William Wordsworth's "The Prelude"


“The Prelude; or, Growth of a Poet’s Mind” is an autobiographical poem by William Wordsworth. There are three versions of the poem. “Two-Part Prelude” was the first version of the poem that Wordsworth wrote when he was twenty eight years old in 1798 to 1799. The second version was found and printed by Ernest de Selincourt in 1926. This version is thirteen books long. The third version was published after Wordsworth’s death and is fourteen books long. “The Prelude” was a poem of a lifetime and Wordsworth never gave it a title. He called it “Poem (title not yet fixed upon) to Coleridge.” Wordsworth planned to write this with Samuel Taylor Coleridge. The poem was unknown to people until after Wordsworth’s death. His wife Mary gave the poem its final name, “The Prelude; or, Growth of a poet’s Mind.” The poem contains fourteen books: "Introduction – Childhood and School-Time," "School- Time (Continued)," "Residence at Cambridge," "Summer Vacation," "Books," "Cambridge and the Alps," "Residence in London," "Retrospect- Love of Nature Leading to Love of Man," "Residence in France," "Residence in France (Continued)," "Residence in France (Concluded)," "Imagination and Taste, How Impaired and Restored," "Imagination and Taste, How Impaired and Restored (Concluded)," and "Conclusion."

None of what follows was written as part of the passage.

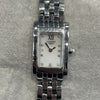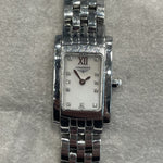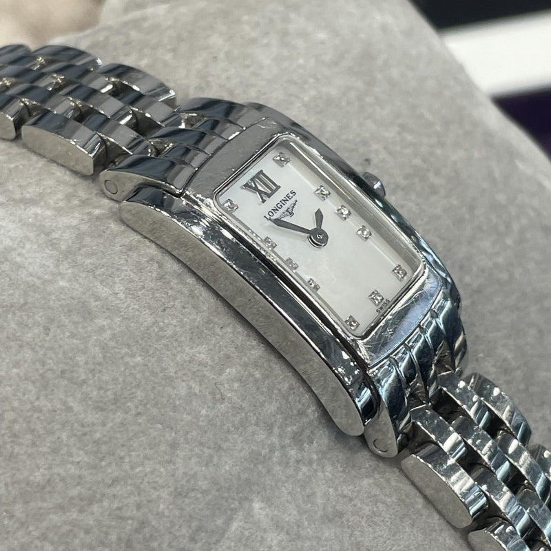 The Longines DolceVita is a ladies' watch that showcases the brand's dedication to elegance and timeless design. This DolceVita, reference L5.158.4, has a rectangular polished stainless steel case, with a white mother-of-pearl adorned with diamond hour markers and a prominent Roman numeral at 12 o'clock. The dial is protected by a scratch-resistant sapphire crystal, ensuring durability and clarity. The five-link metal bracelet is both formal and perfectly appropriate with casual attire.
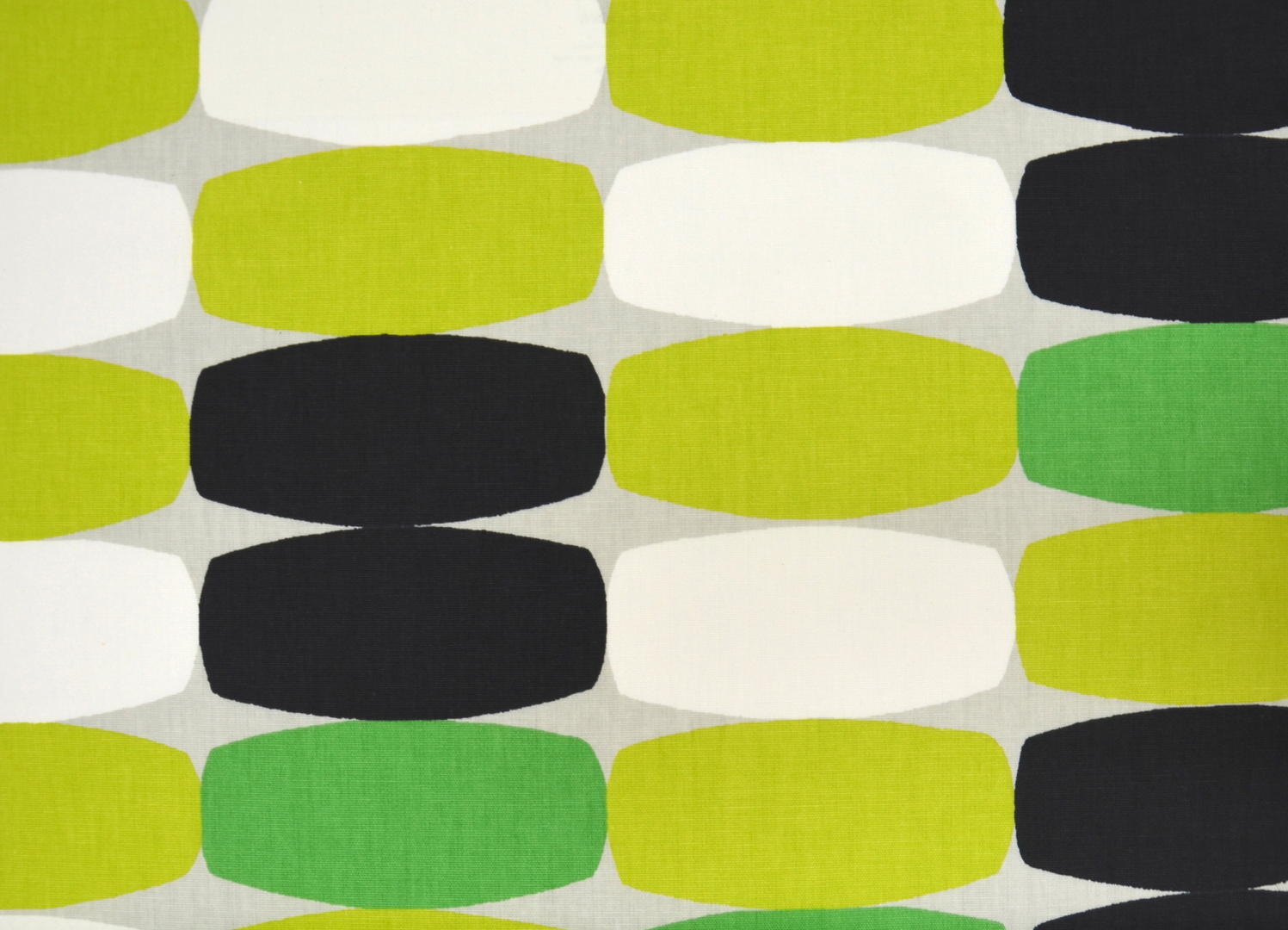 Dit retro gordijn met eenvoudig motief is beschikbaar in vijf verschillende kleurencombinaties.

In book one Wordsworth is speaking with a mature point of view. He experiences relief with coming back to nature. He feels optimism and creativity and recalls his past. Wordsworth wishes to create some work of art. He finds that he has a vital soul, knowledge of the underlying principles of things, and a host of painstaking observations of natural phenomena. Instead of historical and martial themes, he is looking for some philosophic song. He then doubts the maturity of his views and decides to review them to see how much they have changed. Wordsworth remembers some of his childhood, like river bathing and climbing to rob bird nests at night. Also he sets a tone in a discussion of education by speaking religiously of nature. Wordsworth describes how when he was young he stole a boat and went across Ullswater Lake. He then imagined that a peak beyond the lake came close and threatened him for taking the boat. This brought him to address what he terms the spirit of the universe. He tells more of pastimes he use to do, but he explains that he tried to be outdoors at all times of the year so the nature could educate him.